If you have ever cared for a loved one toward the end of their fight against cancer, you may find it hard to understand why someone would choose to die from the disease if they had any other option. Yet in the UK, more than half of medical staff who care for those with cancer have known patients who reject treatment altogether because they lack support at home from family and friends.
Having cancer is a life-changing experience, and how people choose to deal with the disease is a deeply personal decision. Some may stand to gain only a few extra weeks from treatment and so decide not to go down that route. For others, it could offer the chance of a much longer life or even a cure. We should all be troubled to hear that some patients are accepting a potentially avoidable death from cancer simply because they have no-one in their personal lives to help them through treatment.
Cancer patients by no means have a monopoly on feeling isolated and alone. Far too many people in our society, many of them elderly, lack the practical and emotional support of family and friends that the rest of us often take for granted. In fact the government is currently trying to measure loneliness amid concerns it is having severe consequences on people's health. Cancer and its treatment, however, can inflict a particularly debilitating toll on the body and mind - one made worse by isolation.
Imagine only having your colon cancer diagnosed after you collapse in the street because no-one has nagged you to see the doctor about your recent weight loss and tiredness. You'd noticed some blood in your stools, but didn't feel close enough to anyone to confide your worries.
Now imagine you've been told that you've a decent chance of surviving the cancer but you'll need to have a major operation that will leave you with a colostomy bag, and several rounds of chemotherapy that will make you feel sick and exhausted. There are no family or friends at home or nearby to help you wash, cook, clean or shop, give you a lift home from your chemotherapy appointments, or raise your spirits when you're feeling down.
Sadly, and understandably it is possible to understand why some isolated cancer patients choose not to go through with it all. But does that mean we should simply shrug our shoulders and leave them to what is effectively a slow suicide? What if they would have chosen differently with just a bit more support at home?
Rejecting treatment is, of course, an extreme example of the effects of isolation on cancer patients. The wider picture, although less dramatic, is equally distressing. One in four people newly diagnosed with cancer in the UK will lack support from family or friends during their treatment and recovery - that's more than an estimated 70,000 people every year not getting help at a time when they need it more than ever. Of those, around a third - an estimated 20,000 people each year - will receive no support whatsoever, facing cancer completely alone.
More than half of those who are isolated have skipped meals or not eaten properly because of a lack of support at home. More than one in six have not been able to collect a prescription for their medication, and more than one in 10 have missed a hospital or GP appointment. The numbers, revealed by Macmillan's new Facing the Fight Alone report, show that isolation affects a significant proportion of cancer patients and has a real and negative impact on their lives.

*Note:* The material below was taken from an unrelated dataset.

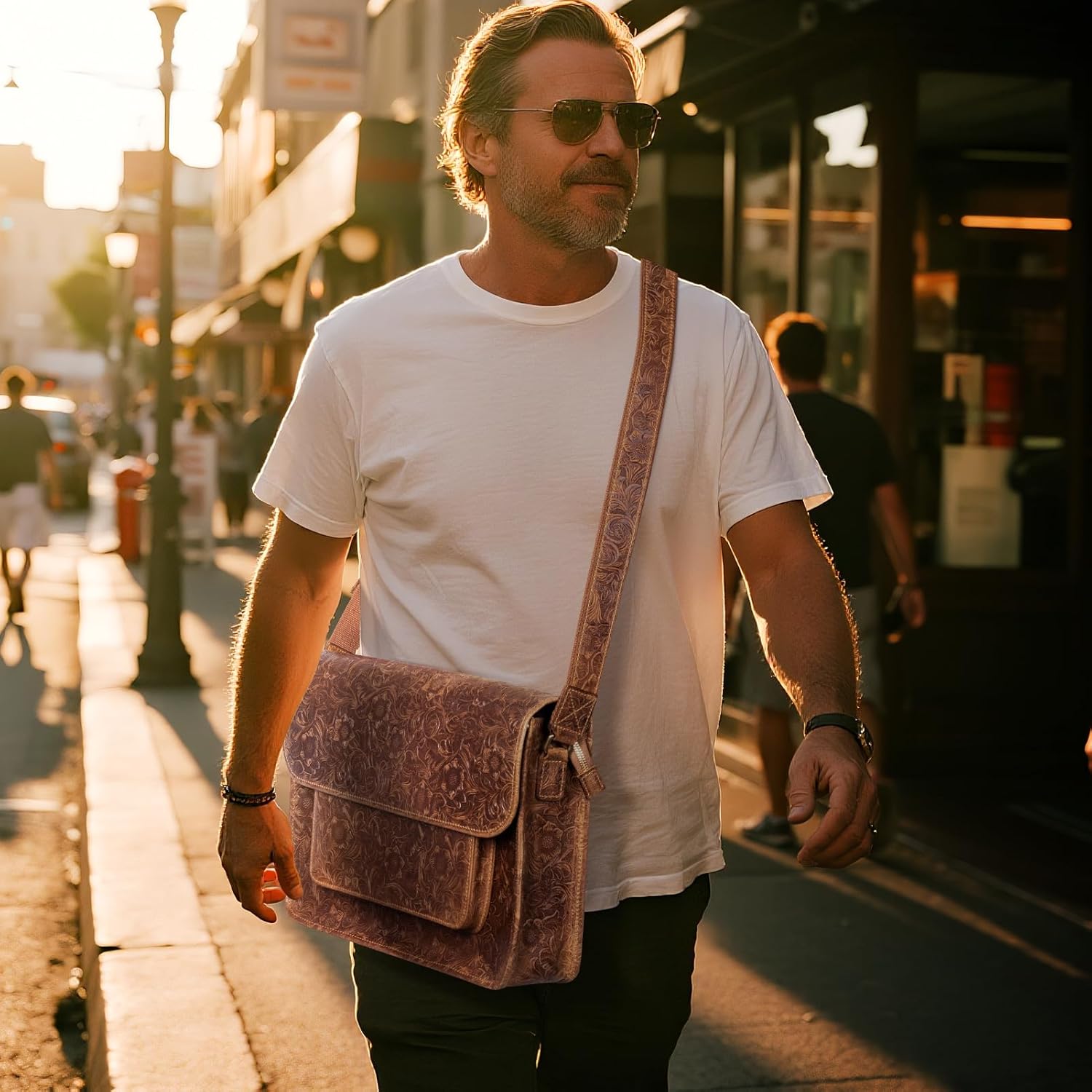 The cowhide is embossed with Tang grass patterns, giving it a firm touch, a strong texture and a classical and beautiful appearance. The large-capacity design features a laptop slot and a multi-purpose pocket, capable of holding a 14-inch laptop and other items. The hardware of the bag is made of pure copper, which is sturdy and durable. The shoulder strap is double-sewn. The outer layer is made of the same genuine leather as the bag, and the inner layer is made of soft canvas, which is both beautiful and gentle.

Most people who lack support say it's because their family and friends are too busy to help or live too far away. More than two-thirds say they would have benefited from more support from their loved ones, which means that right now there could be as many as 50,000 people recently diagnosed with cancer across the UK who could do with help from someone close to them. Does someone you know have cancer? You might want to have a word, or offer a hand.

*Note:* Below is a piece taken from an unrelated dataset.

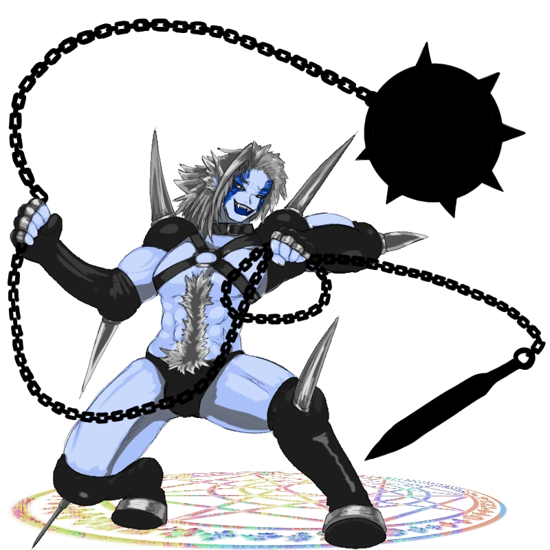 ユークレース全身図。下賤の者の格好をしつつ鉄球を振り回す。恥じらいなどない。というかこういう趣味なのだろう。体が大きくなり続けているのは、ターフェアイトが彼の知らない所で人肉を喰わせているからだ。

At Macmillan, we believe no-one should face cancer alone. Both healthcare professionals and society as a whole must recognise how serious isolation can be for cancer patients. We must make every effort possible to mitigate the effects. The government's plan to measure isolation nationally will keep momentum going on this issue, but we need them to do more than just measure for those with cancer. All patients must be given a care plan to capture their problems and highlight any extra support they may need during and after treatment.
The lives of those who are isolated are just as valuable as those with close family and friends, and we must give them just as much of a fighting chance. People may or may not choose to accept treatment for cancer for many reasons, but if someone who chooses not to would they have changed their mind if they simply had a bit more support, is that really a choice at all?